Forum Discussion

Altera_Forum's avatar
Altera_Forum
Icon for Honored Contributor rankHonored Contributor
8 years ago

how to understand burst sizes info from profiler

hi,

The profiler is showing me the following measurements for the read on the "K_contributors" global arg:

Bandwidth: 0.1 MB/s, 100 % efficiency

Average Burst Size: 2.0

(Max Burst size: 16 )


// THIS IS A SINGLE WORK-ITEM KERNEL# define MAX_CONTRIBUTORS 8128
void Krnl_IntraE(...
         __global const char3* restrict K_contributors,
)
{
    __local char3  localcache   ;
    for (ushort i=0; i<MAX_CONTRIBUTORS; i++) {
         localcache  = K_contributors ;    
    }
...
}

As the loop-index "i" is increased consecutively, I expected larger burst sizes than 2.

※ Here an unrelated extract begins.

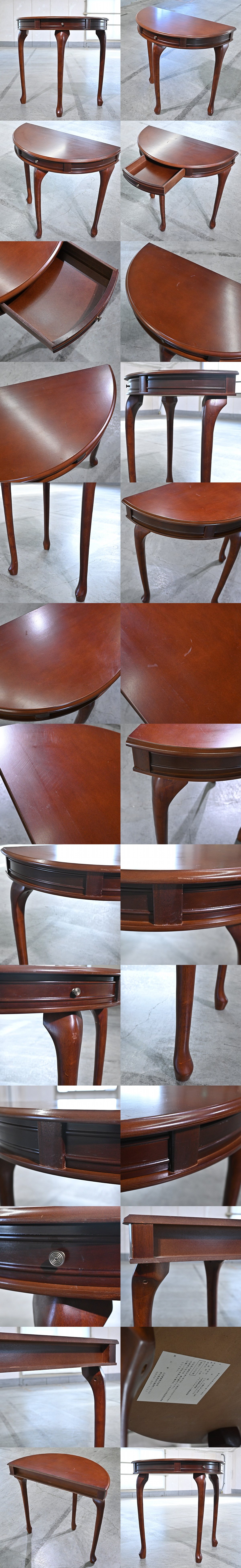 ビンテージテイスト コンソールテーブル マホガニー無垢材 半円 ハーフムーン 引き出し 収納 飾り台 クラシカル 玄関 猫脚 リビング 机 收藏

is there any explanation for this?

2 Replies

  • Altera_Forum's avatar
    Altera_Forum
    Icon for Honored Contributor rankHonored Contributor

    You should unroll the loop so that the compiler would infer a wider port to memory, allowing for larger burst size. There is little to no runtime coalescing done for single work-item kernels and hence, you should not expect a large burst size without unrolling, just because the accesses are consecutive.

  • Altera_Forum's avatar
    Altera_Forum
    Icon for Honored Contributor rankHonored Contributor

    1. Why Bandwidth is 0.1MB/s??Is there something wrong with profiler? I also encounter this problem in quartus 17.0

    2. I have my kernel code like

    typedef struct{

    float a[20];

    }A

    __kernel foo(__global *A data){

    A localdata[100];

    for(i=0;i<100;i++){

    localdata[i]=data[i+index];

    }

    }

    I expect every memory access will bust coalescing read global memory for 20 float, so Average Burst Size suppose larger than 1.

    but in profiler Average Burst Size shows only 4~6. how to increase my access efficiency?